The harvest in Brazil was just beginning to get going last week. Danielle Siqueira, a market analyst with AgRural in Brazil, talks about the minimal harvest results.
“We have here for Brazil, 1.8 percent of our area had been harvested in Brazil. It’s still below last year. Last year it was 4.7 percent, and the five-year average was 2.8, so we are a little late, but there’s nothing very worrisome, so far.”
She says the reasons behind the slow start vary among the different states.
“If we take a look at Mato Grosso, which is our top producer, it’s moisture. It’s just excessive moisture. Every year, It rains a lot in January. If we have a normal year, January is very rainy, but they have intervals between rains when it’s very hot, and there’s lots of sunshine. So, farmers are able, for example, let’s say it rains during the night, and then, in the morning, it’s sunny and it’s hot. They are able to harvest in the morning already because it dries up very, very quickly.”
Siqueira says they can’t seem to get that consistent sunshine that helps dry out the soybeans enough for harvest. While some states are too wet, others are still too dry.
“Rio Grande do Sul has problems because it has been dry, and it has been hot. It’s not as serious as in Argentina, not at all, and it’s not as serious as the situation we had last year when we had a big crop failure here in south Brazil. So, it’s not that bad. But yes, we already had some losses in Rio Grande do Sul. To give you an example, last week, we had a new production estimate, and for Brazil, we have 152.9 million metric tons. It’s a big crop, our best crop ever, but in Rio Grande do Sul, we had to cut 1.1 million metric tons because of these dry and hot conditions.”
While AgRural primarily deals with Brazil, she does have sources in Argentina that say it’s been a rough season.

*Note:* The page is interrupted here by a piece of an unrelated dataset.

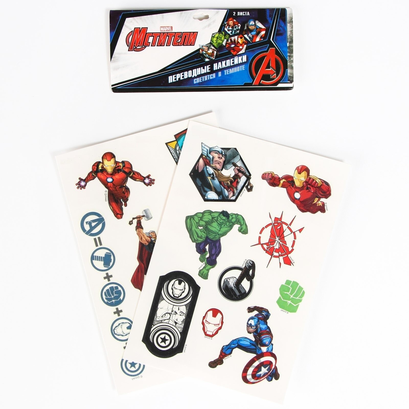 Переводные наклейки MARVEL "Мстители", светятся в темноте, для детей интересное:

“Argentina is still planting soybeans and corn. They have about nine percent of their area of corn covered so far and 95 percent of their soybean area is planted. So, what this crop has faced is described as very complicated, because even before the planting season which started in September, Argentina was already facing very dry conditions, so they have a longer-term drought. And during the crop season, they have had below-normal rains systematically, and now in January, they have had very high temperatures. So even when we get some rain, it’s so hot and soil is so dry that they stay in need of rain all the time.”
AgRural recently cut its soybean crop estimate by 700,000 metric tons to 152.9 million metric tons. The consulting firm lowered its corn crop estimate by 400,000 metric tons to 123.9 million metric tons. Despite the cuts, both crops would still be all-time record yields.